CIRCULATION OF BLOOD IN THE TADPOLE

 

MOST HONOURABLE GENTLEMEN, etc.

My last, most respectful letter to you was of the 24th of last month, in which I treated of the sting of the gnat, namely, that this sting, taken out of its case, consists of four distinct stings.

Herewith I again send you some of my trifling observations.

In our country we have two species of frogs. The first, which we used to have in great abundance round about our town, is com­monly called frog. Of late years, however, these frogs have been very rare. I suppose because our sluggish water‑courses have lately beers filled, as it were, with a kind of noxious little fish (hitherto un­known, so far as I am aware), called stickle‑backs, which devoured the frogs when they were still tadpoles.

I was greatly pleased to see very distinctly the circulation of the blood [in the tadpole, which was driven on from the parts that were nearest to the body to those on the outside, thus causing an uninterrupted, very rapid circulation. This circulation was not regu­lar in its movement, but at very short intervals it was continually brought about anew with sudden impulses, and before there was another sudden impulse we might (in case we had not observed a continual increase in the rapidity) have thought that a stoppage in the circulation would follow. But scarcely had the blood begun to move more slowly when there was again a sudden impulse of the blood, so that there was an uninterrupted current; and trying accurately to measure the very short time in which each impulse took place, 1 found that in the time wanted to count rapidly to a hundred, there were as many as a hundred sudden impulses. From this I concluded that as often as these sudden impulses occurred, the blood was driven from the heart.

In another place I saw that three of the thinnest arteries, each running in a curve, all met together in one point and there formed a blood vessel or vein, and consequently this blood vessel was as wide as the three arteries mentioned. These three distinct vessels with their somewhat circular course, in which the circulation took place, were so small that a grain of sand could have covered them.

Such blood vessels running across each other I often noticed be­fore when I tried to discover the junction of arteries and veins in other animals, but I was quite certain that the return circuit of the blood does not take place in the large vessels, but in the smallest or thinnest; for if it were otherwise, I conclude that all the parts of the body could not be fed. And as these discoveries seemed inscrutable to me, I gave up my investigations on this head for some years. If now we see clearly with our eyes that the passing of the blood from the arteries into the veins in the tadpoles only takes place in such blood vessels as are so thin that only one corpuscle can be driven through at one time, we may conclude that the same thing takes place in the same way in our bodies, as well as in that of all animals. And this being so, it is impossible for us to discover the passing of the blood from the arteries into the veins in our bodies or that of other animals, first, because a single globule of blood being in a vein. has no colour; secondly, because the blood does not move in the blood vessels when we make this investigation.
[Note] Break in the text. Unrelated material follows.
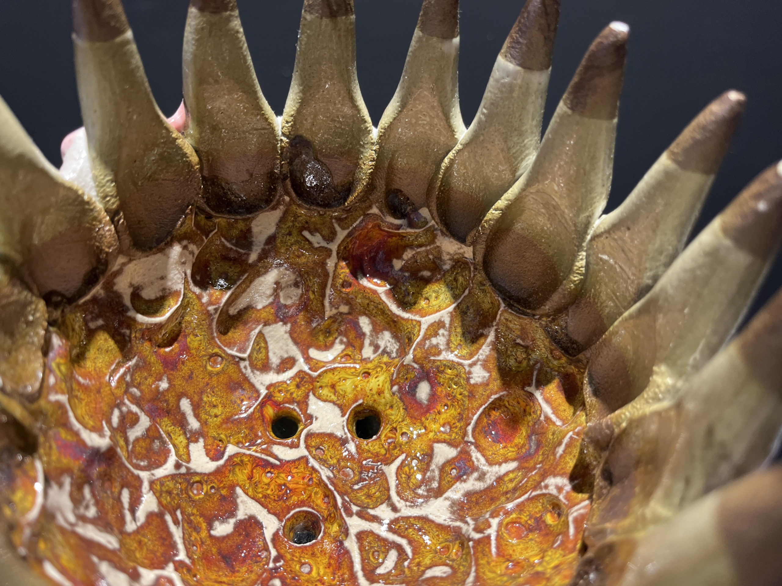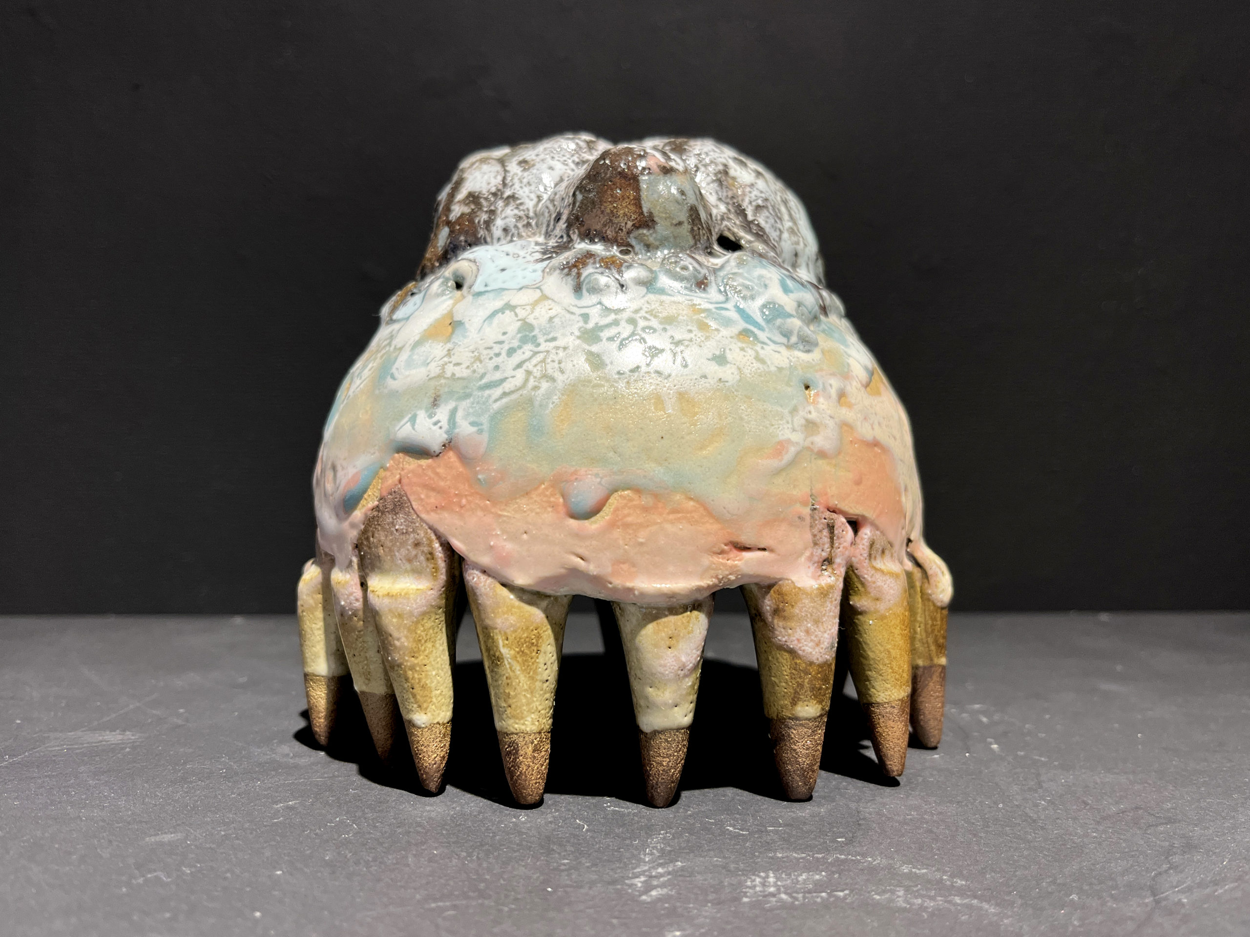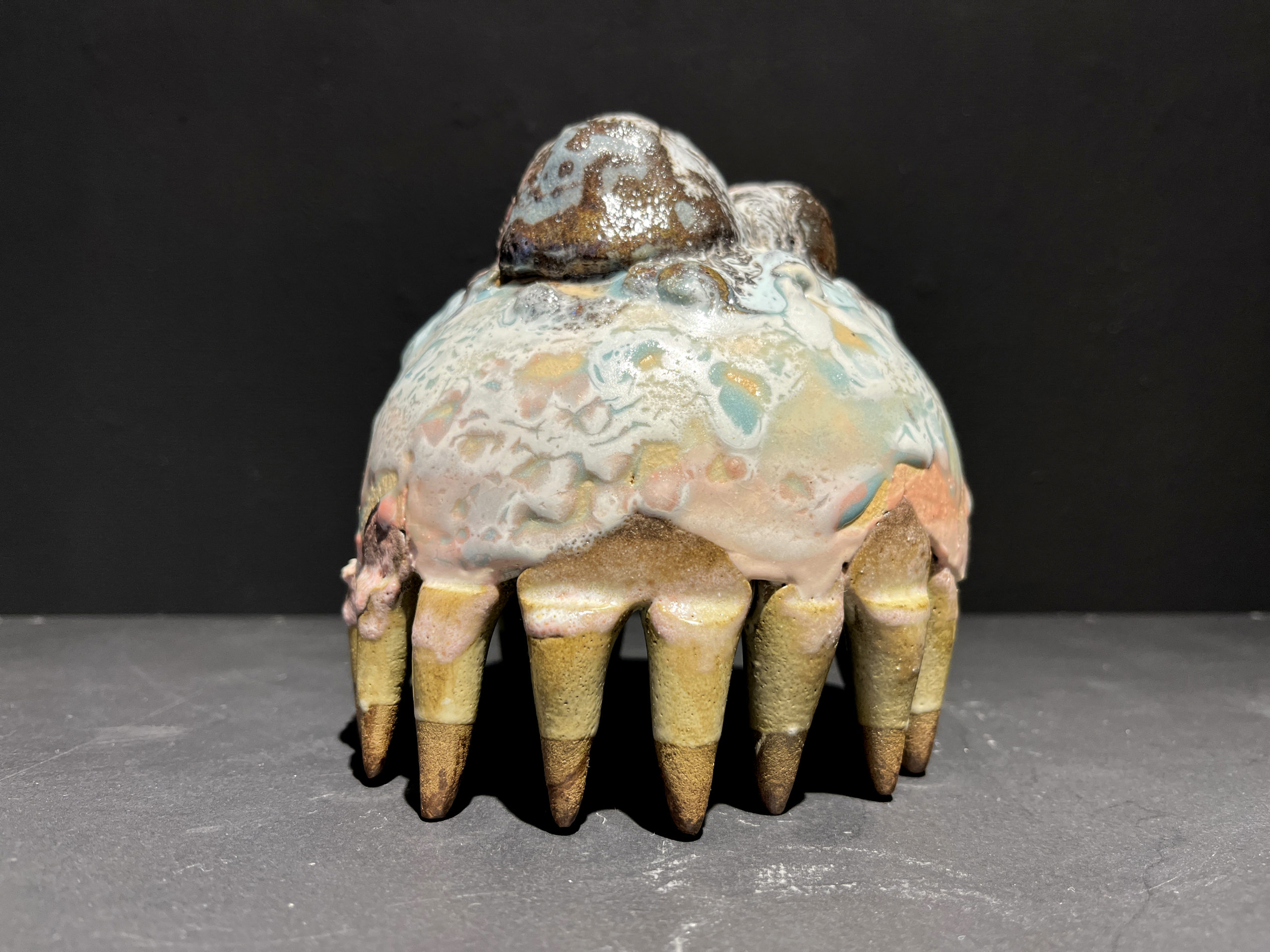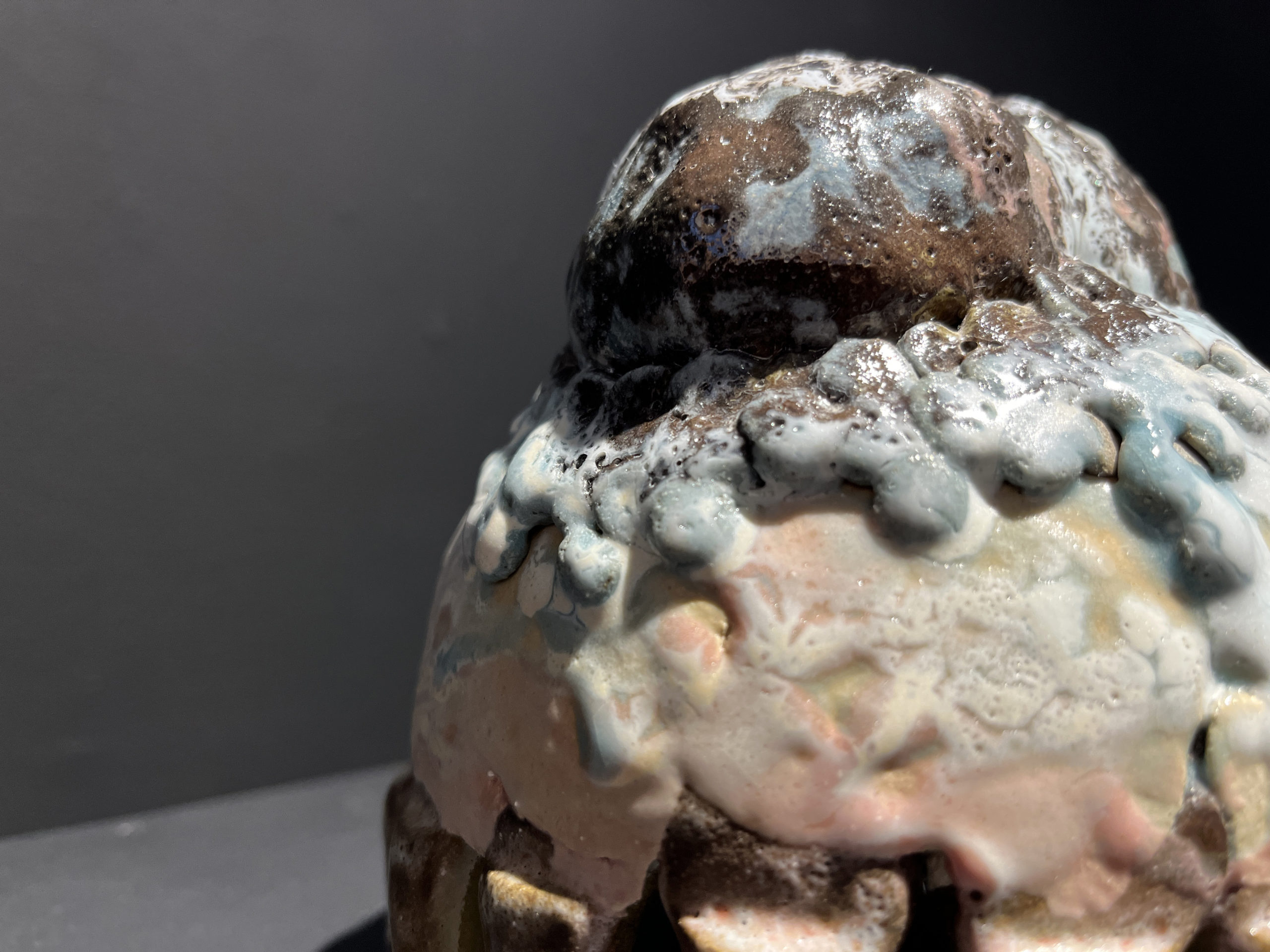 C’est une œuvre unique. Céramique. Grès blanc, émaux, cuisson 1250°.

I have said before that the corpuscles or globules that make the blood red are so small that ten hundred thousand of them arc not so big as a grain of coarse sand; and so we can easily imagine how very small the blood vessels are in which the circulation of the blood takes place.

The observations told here have not been made once, but they have been resumed repeatedly, giving me much pleasure, and every time on different tadpoles, and the result has almost always been the same. But it is remarkable that in the very small vessels mentioned above and placed furthest from the heart, as there at the end of the tail, the impulse was not by far so sudden and strong as in the vessels nearest to the heart. And though the uninterrupted current could be clearly observed, it could be distinctly seen that at each impulse from the heart the current was a little quicker.
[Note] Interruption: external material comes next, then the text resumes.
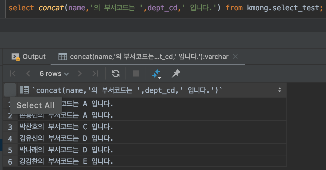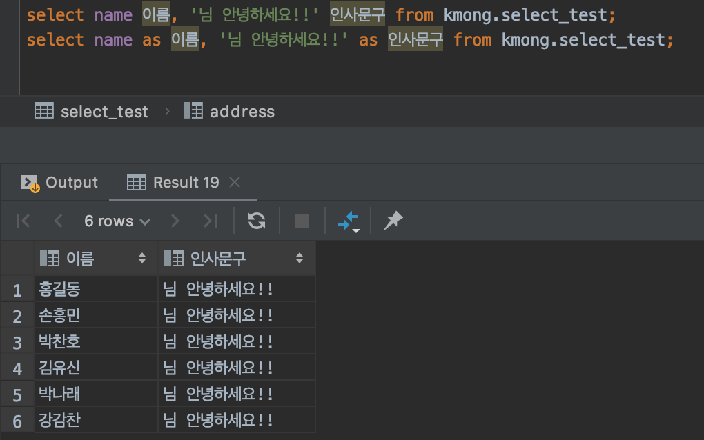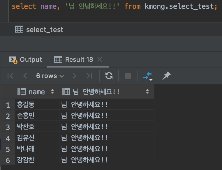 위 SQL을 한번 살펴보겠습니다. from 절에 있는 kmong.select_test라는 테이블에서 name이라는 칼럼만 가지고 와서 출력을 했고, 그 뒤에 '님 안녕하세요!!'라는 문자열을 붙였습니다. 이렇게 실행을 하닌깐 name 칼럼에 있는 6개의 데이터가 다 나오고, 그 우측에 '님 안녕하세요!!'라는 칼럼이 하나 생기면서 모든 이름 옆에 '님 안녕하세요'라는 표현식, 리터럴(literal) 상수 가 출력되고 있는 것을 확인할 수 있습니다. 추후 SQL을 잘 작성하게 되면 업무에 따라서 이 표현식 기능을 유용하게 사용할 수 있습니다.

When I looked along the length of the tail and at the thickest part of it, I could clearly see that on either side of the bone there was a large artery, through which the blood was carried to the extremity of the tail, and which on its way sent out several small branches.

When I looked at the part of the tail beside these arteries on the outside, I discovered there two large veins, which carried the blood back again to the heart, and, moreover, I saw that blood was driven into this large vein from several small veins. In short, I saw here the circulation of the blood to my perfect satisfaction, because there was nothing, though ever so slight, that caused me any doubt.
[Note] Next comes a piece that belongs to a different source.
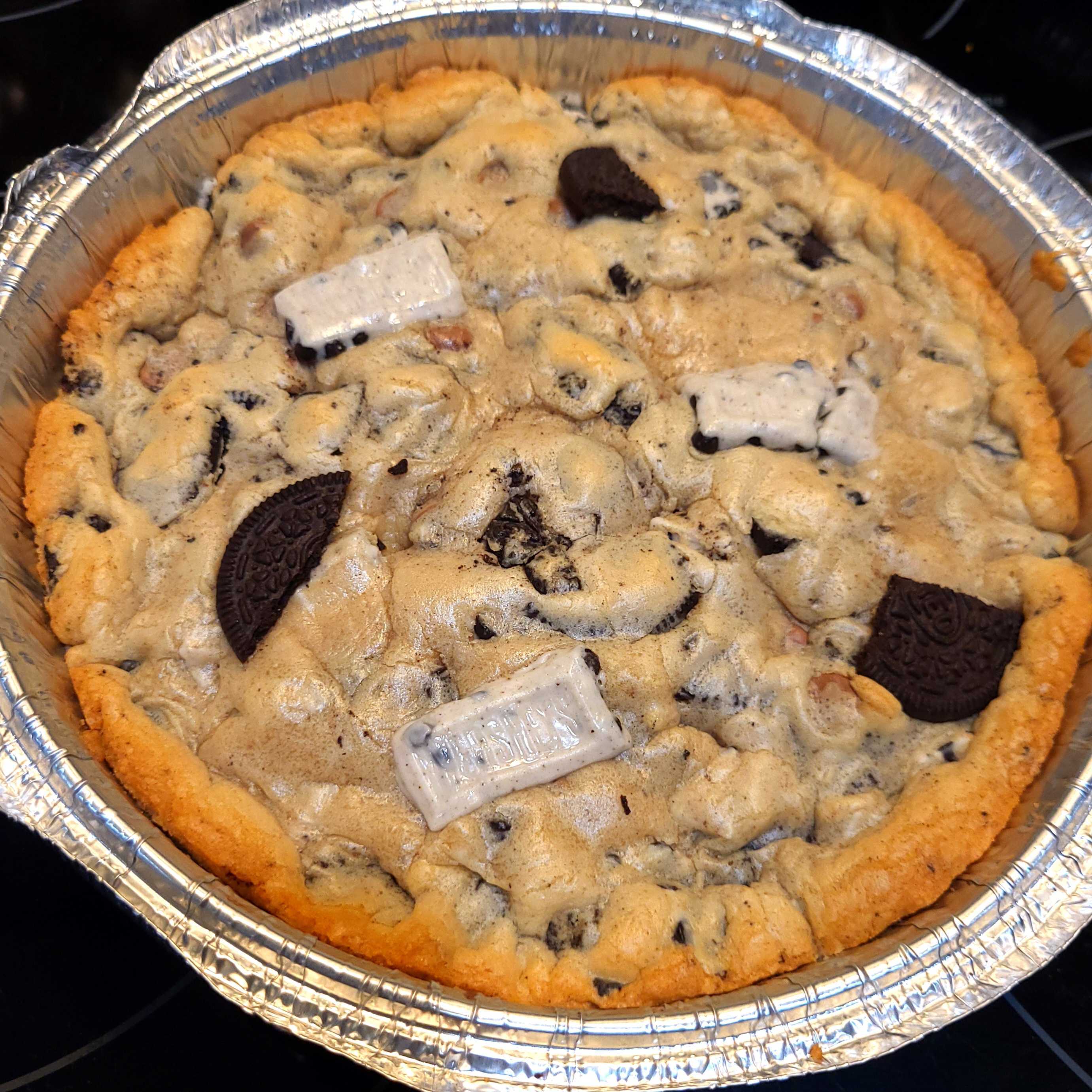 Ingredients: Enriched all-purpose flour (wheat flour), Oreo cookies, Hershey’s Cookies ‘n’ Creme bar, unsalted butter (cream), granulated sugar, brown sugar, egg, milk chocolate chips, baking soda, pure vanilla extract.

Also, I observed the young frogs when they had changed from tadpoles into frogs, and I also discovered in them a very large number of small blood vessels, which, continually running in curves, formed the vessels called "arteries and veins" (capillaries), from which it was perfectly clear to me that the arteries and veins are one and the same continuous blood vessels. But I saw them clearest of all and most of all at the end of the projecting parts of the legs, which we may call fingers, and of which the frog has four on each fore‑leg and five on each hind‑leg.

These blood vessels, called "arteries and veins" (being neverthe­less identical), were exceedingly numerous at the ends of these fingers, and each ran in a curve, which made it impossible to follow the particular course of each vessel. All these vessels were so small or thin that no more than one corpuscle could pass through it at a time. But when I examined these fingers about the first or second joint; I found the blood vessels there, which we call arteries and veins, bigger, so big even that the blood in these vessels had a red colour.